* SUPPLIED MATERIAL
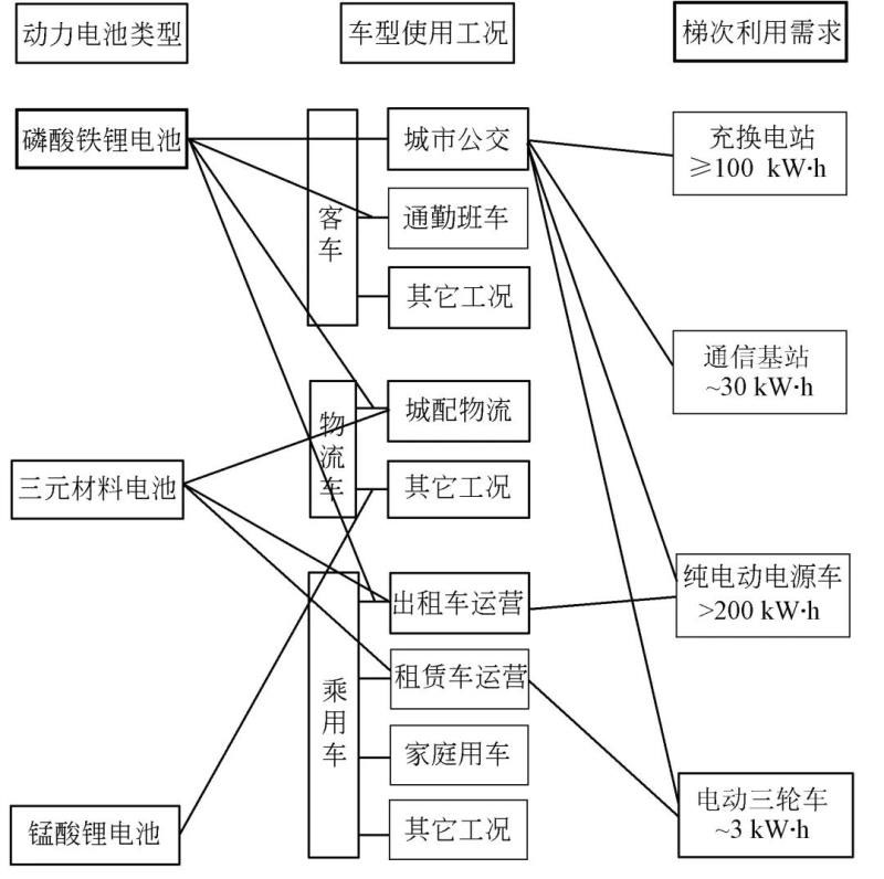 我國動力電池主要搭載使用的車型有商用車(客車、專用車)和乘用車,其中專用車主要為城市電動物流車。車型不同、使用工況和環(huán)境不同,退役時動力電池的安全性和性能有所不同。過充過放、環(huán)境溫度、機(jī)械濫用(針刺、擠壓、內(nèi)短路)以及海水浸泡等濫用,都對退役后的電池安全性有影響[42]。此外,還需考慮我國各類新能源汽車的應(yīng)用領(lǐng)域、運(yùn)營模式等,對電池退役后再利用的影響。
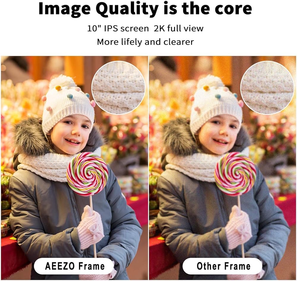 ❤ شارك الصور في أي وقت وفي أي مكان: إطاراتنا مجهزة بواحدة من منصات مشاركة الصور الرائدة، AiMOR. بعد تنزيل التطبيق على جهازك المحمول الذي يعمل بنظام Android أو IOS، يمكنك البدء في مشاركة الصور على أي إطار من إطارات AEEZO. ما عليك سوى الحصول على الرمز من مالك الإطار ويمكنك البدء في مشاركة الصور من أي مكان. يمكنك النقل عبر السحابة بدون رسوم اشتراك أو حدود لحركة البيانات. البقاء على اتصال لم يكن أسهل من أي وقت مضى.
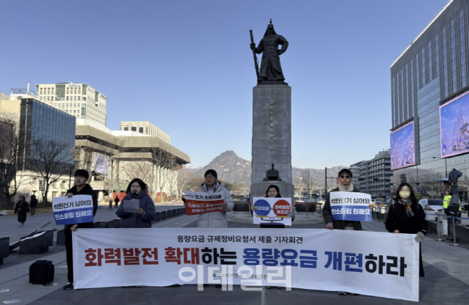 기후솔루션과 녹색소비자연대전국협의회는 6일 광화문 광장에서 기자회견을 열고, 화석연료 발전을 보조하는 용량요금 제도 개선을 촉구하는 규제정비요청서를 규제개혁위원회에 제출했다고 밝혔다.
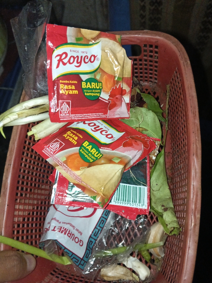 A red plastic basket contains food scraps and packaging. Two red and white Royco chicken bouillon packets are prominently displayed, one on top of the other, both advertising "New! With kampung chicken". A Gourmet seasoning packet is also visible amidst green leaves, vegetable stems, and garlic cloves. The basket's contents appear to be kitchen waste.
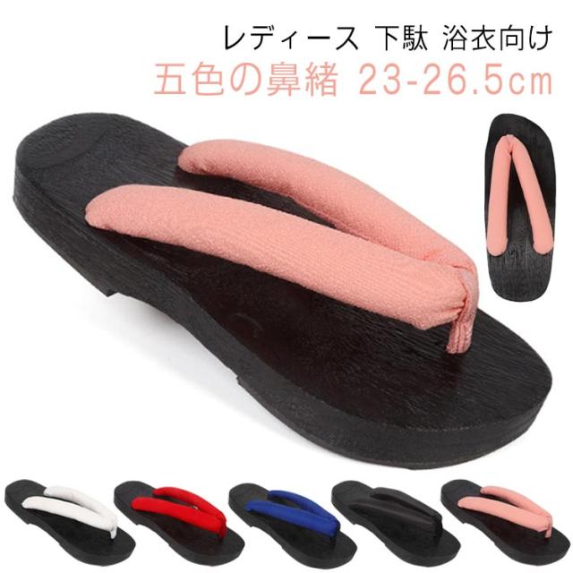 | レディース 下駄 浴衣向け 五色の鼻緒 23-26.5cm 幅広で柔らかい太い鼻緒は足に優しく、長時間履きっぱなしても、指が擦れにくい 夏祭りや花火大会の浴衣や、カジュアルな夏着物によくお似合いです | |
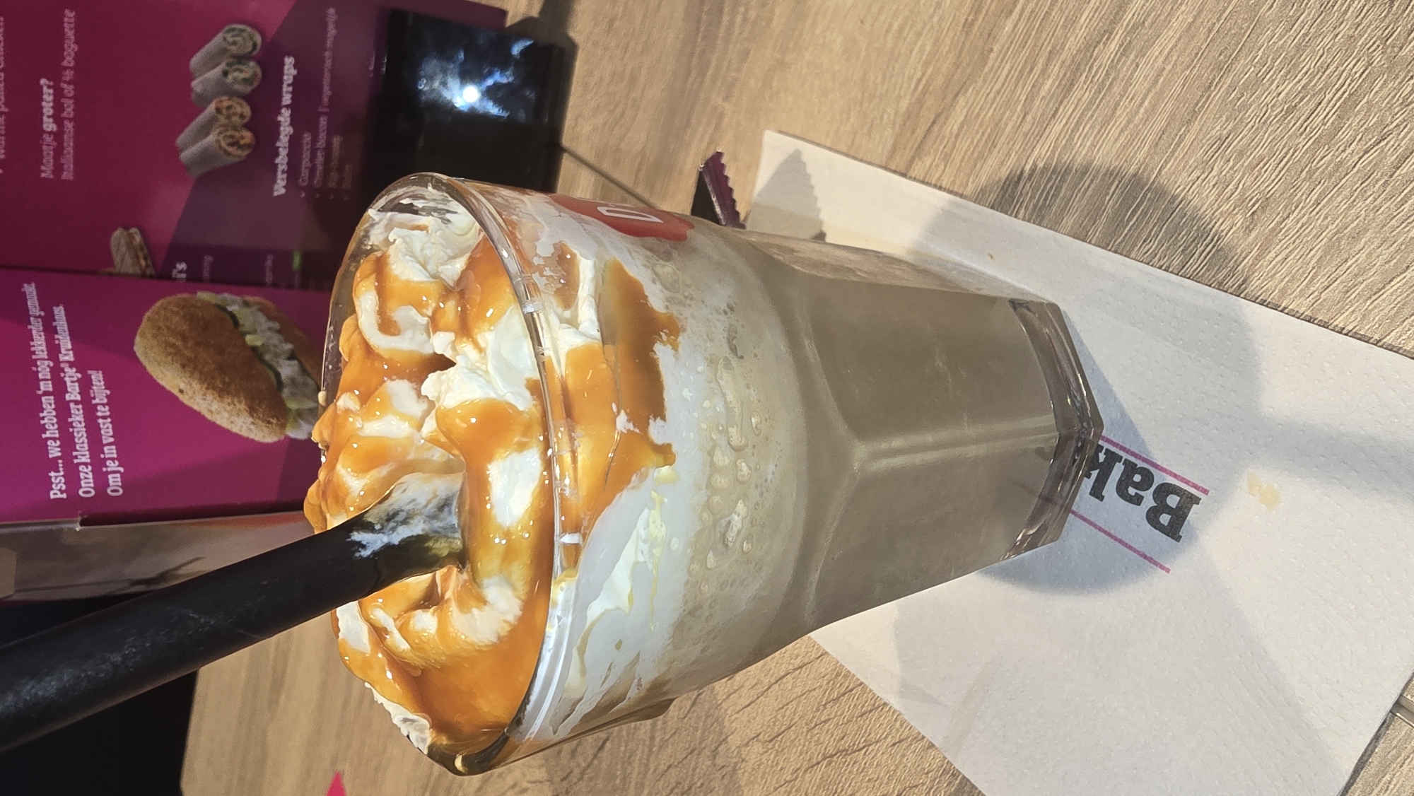 The image depicts a cold beverage on a light wood-grain table within an establishment, likely a cafe or restaurant, in Helmond, Netherlands. The central subject is a clear, polygonal glass containing a layered drink. The bottom layer consists of a light brown liquid with some aeration, topped by a substantial layer of white whipped cream. A thick, golden-brown caramel sauce is generously drizzled over the whipped cream. A black plastic straw is inserted vertically into the drink, piercing the whipped cream and caramel. The glass rests on a white paper napkin, partially obscuring the word "Bak..." printed in black with a pink underline. A small, faint yellowish stain is present on the napkin below the glass. In the background, two upright magenta-colored menu boards with white Dutch text are visible. The left board advertises a "klassieker Bartje" with "Kruidenmayo" and displays an image of a breaded, elongated sandwich or snack. The right board lists options such as "Mooie groter?", "Italiaanse bol of ½ baguette", and "Versbelegde wraps" with ingredients like "Carpaccio" and "Kip-haas". Below the right menu board, a dark, reflective surface shows indistinct light reflections. No individuals are visible in the scene.
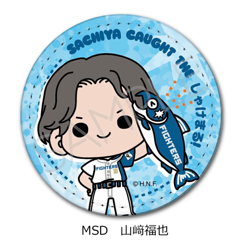 4. 『北海道日本ハムファイターズ』 レザーバッジ(丸形) (しゃけまるつかまえた!) mochocho-SD(山﨑福也)
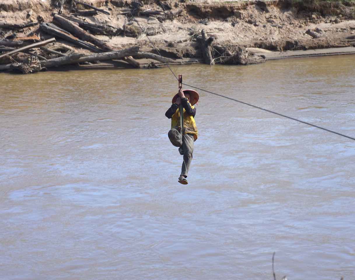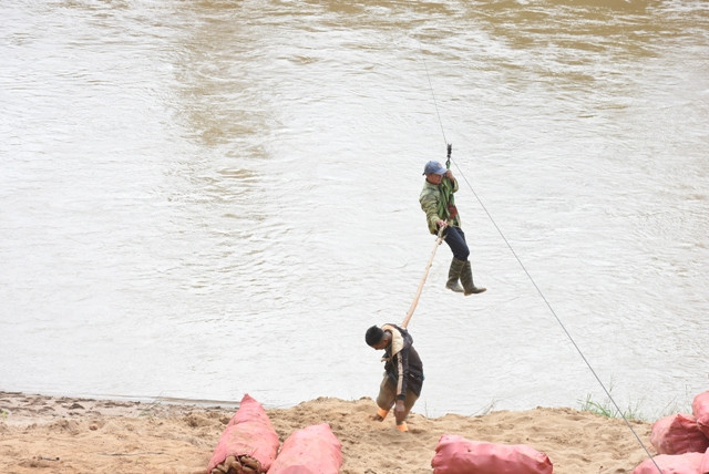 Biết việc qua sông bằng cách này không an toàn nhưng người dân vẫn làm vì đã đến vụ thu hoạch nông sản. Chính vậy mà chỉ những người đàn ông khoẻ mạnh, biết bơi mới qua sông bằng cách như làm xiếc
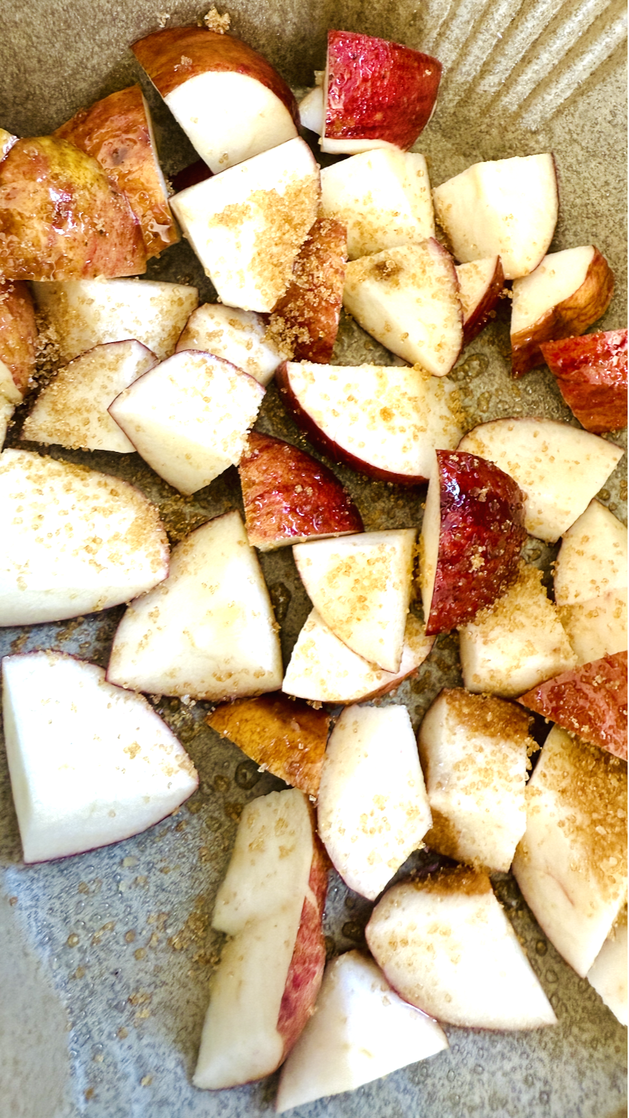 Die Äpfel waschen, entkernen und in Stücke schneiden. Mit Öl und braunem Zucker vermengen und in der Heißluftfritteuse (z. B. Ninja) bei 180 °C ca. 18 Minuten karamellisieren, bis sie weich und goldbraun sind.
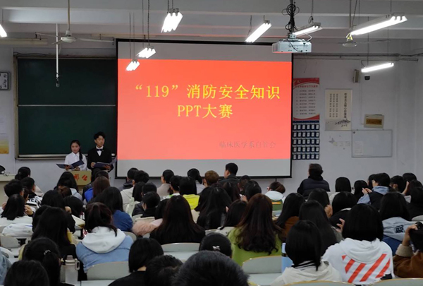 11月8日,举办“119”消防安全知识PPT大赛。临床系副主任刘庆文及全体辅导员出席并担任比赛评委。参赛的13个班级精心准备,通过一张张图文并茂的幻灯片,生动形象地展示了学生公寓、教室等日常生活场所存在的安全隐患。某商学院火灾等一例例由于消防意识淡薄所带来的惨痛教训,警示着在场的每一名的同学;“拔、握、瞄、扫”,朗朗上口的灭火器使用方法,提醒着同学们遇到火情应该如何应对。最后,2018级普临2班的参赛作品获得一等奖。

* GOAL OF THE EXERCISE
Copy the line showing "Die Äpfel waschen, entkernen" exactly, along with each line after it through the end of the material above. Pictures stay out.

* RESULT OF THE EXERCISE
 Die Äpfel waschen, entkernen und in Stücke schneiden. Mit Öl und braunem Zucker vermengen und in der Heißluftfritteuse (z. B. Ninja) bei 180 °C ca. 18 Minuten karamellisieren, bis sie weich und goldbraun sind.
 11月8日,举办“119”消防安全知识PPT大赛。临床系副主任刘庆文及全体辅导员出席并担任比赛评委。参赛的13个班级精心准备,通过一张张图文并茂的幻灯片,生动形象地展示了学生公寓、教室等日常生活场所存在的安全隐患。某商学院火灾等一例例由于消防意识淡薄所带来的惨痛教训,警示着在场的每一名的同学;“拔、握、瞄、扫”,朗朗上口的灭火器使用方法,提醒着同学们遇到火情应该如何应对。最后,2018级普临2班的参赛作品获得一等奖。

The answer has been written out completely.